Source information
____________________
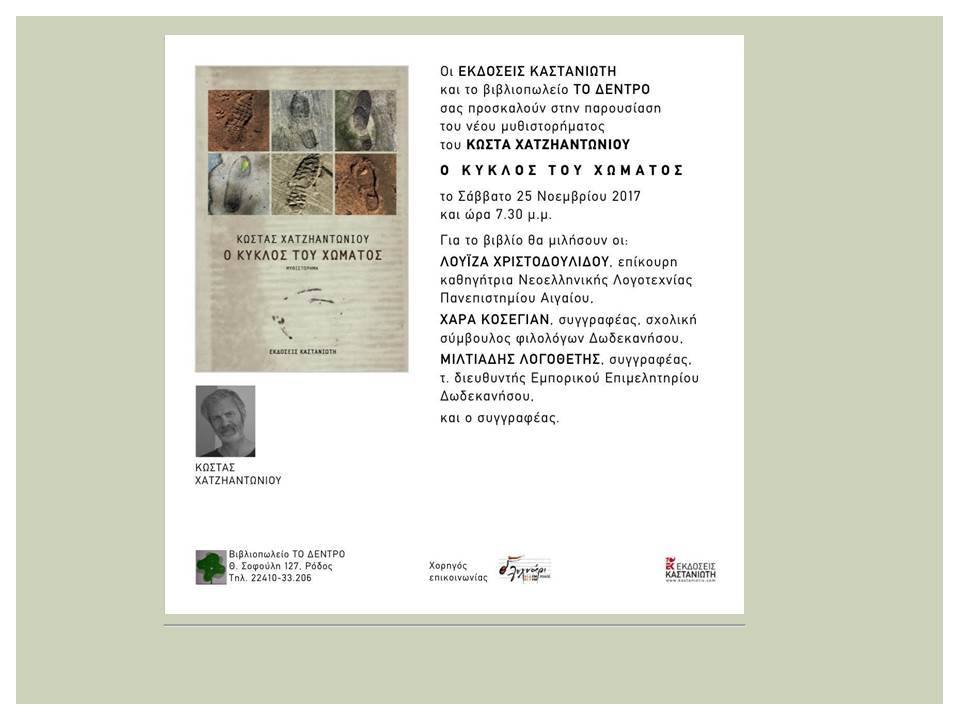 Οι εκδόσεις ΚΑΣΤΑΝΙΩΤΗ και το βιβλιοπωλείο ΤΟ ΔΕΝΤΡΟ σας προσκαλούν στην παρουσίαση του νέου μυθιστορήματος του ΚΩΣΤΑ ΧΑΤΖΗΑΝΤΩΝΙΟΥ "Ο ΚΥΚΛΟΣ ΤΟΥ ΧΩΜΑΤΟΣ", το Σάββατο 25 Νοεμβρίου και ώρα 19:30.
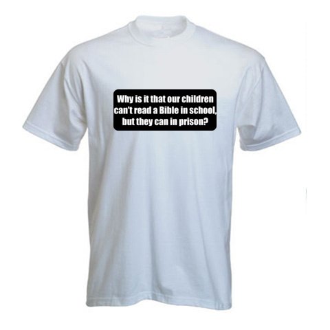 Why is it that our children can't read a Bible in school, but they can in prison? - Funny Printed T-Shirt [BLK10438]
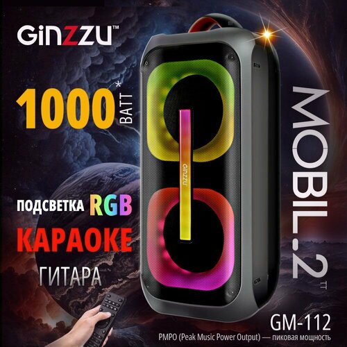 Портативная беспроводная блютус колонка Ginzzu GM-112 черного цвета
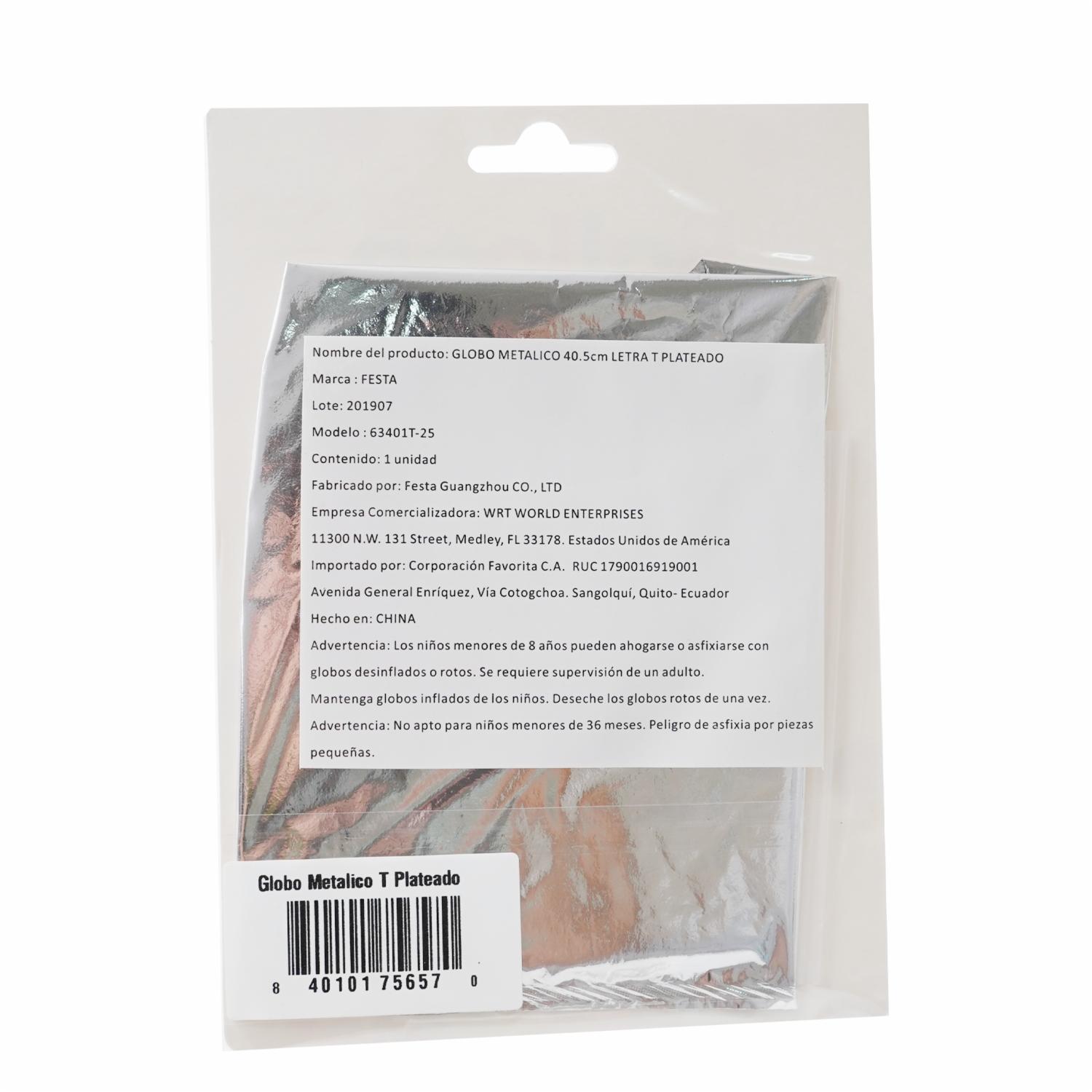 consultando preciosGlobo Metálico Plateado BALLOON Letra T – BALLOON. Disponible en nuestros locales. Precio y stock pueden variar según la tienda.
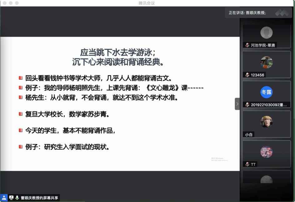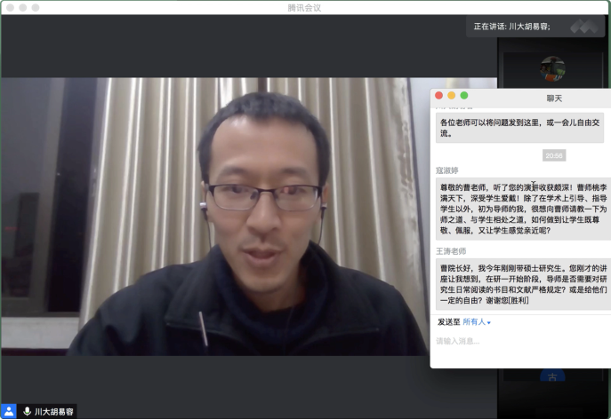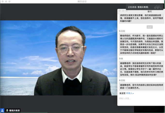 10月16日19:30,“传薪·研究生培养问题与方法系列活动”第一场在腾讯会议平台顺利举行。万博max官网杰出教授、万博max官网学术院长曹顺庆教授应邀作题为“培养研究生的几点体会”的讲座,万博官网副院长胡易容教授担任讲座主持人。
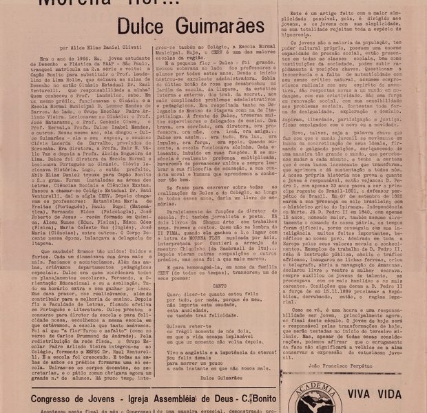 Dulce Guimarães foi embora, para ficar, eternamente, entre nós
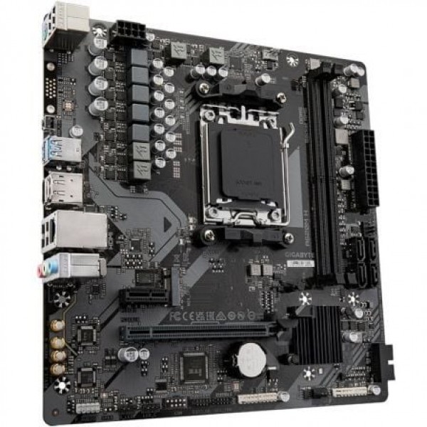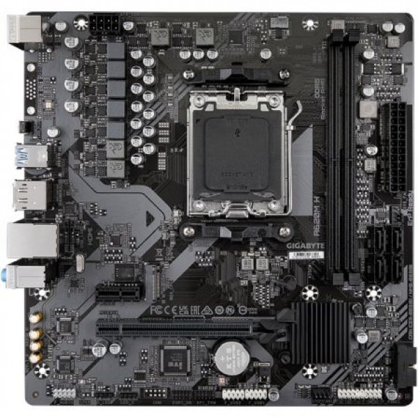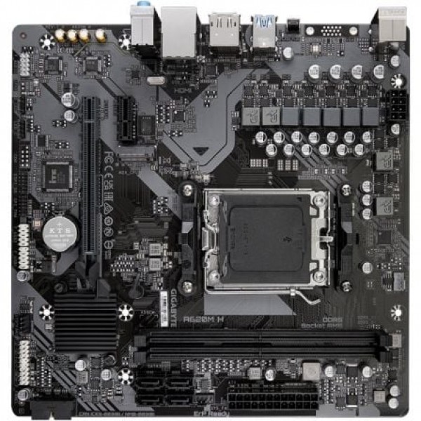 Gigabyte A620M H. Fabricante de procesador: AMD, Socket de procesador: Zócalo AM5, Procesador compatible: AMD Ryzen? 5, AMD Ryzen 7 7th Gen, AMD Ryzen 9 7th Gen. tipos de memoria compatibles: DDR5-SDRAM, Memoria interna máxima: 96 GB, Tipo de ranuras de memoria: DIMM. Interfaces de disco de almacenamiento soportados: M.2, SATA III, Tipos de unidades de almacenamiento admitidas: HDD & SSD, Niveles RAID: 0, 1, 10. Máxima resolución: 4096 x 2160 Pixeles. Conector USB: USB tipo A, USB Tipo C
____________________
Task description
Once the line with "Why is it that" is found in the data above, reproduce it and each line after it exactly, through the line with "Dulce Guimarães foi". Omit the pictures.

Your solution
 Why is it that our children can't read a Bible in school, but they can in prison? - Funny Printed T-Shirt [BLK10438]
 Портативная беспроводная блютус колонка Ginzzu GM-112 черного цвета
 consultando preciosGlobo Metálico Plateado BALLOON Letra T – BALLOON. Disponible en nuestros locales. Precio y stock pueden variar según la tienda.
 10月16日19:30,“传薪·研究生培养问题与方法系列活动”第一场在腾讯会议平台顺利举行。万博max官网杰出教授、万博max官网学术院长曹顺庆教授应邀作题为“培养研究生的几点体会”的讲座,万博官网副院长胡易容教授担任讲座主持人。
 Dulce Guimarães foi embora, para ficar, eternamente, entre nós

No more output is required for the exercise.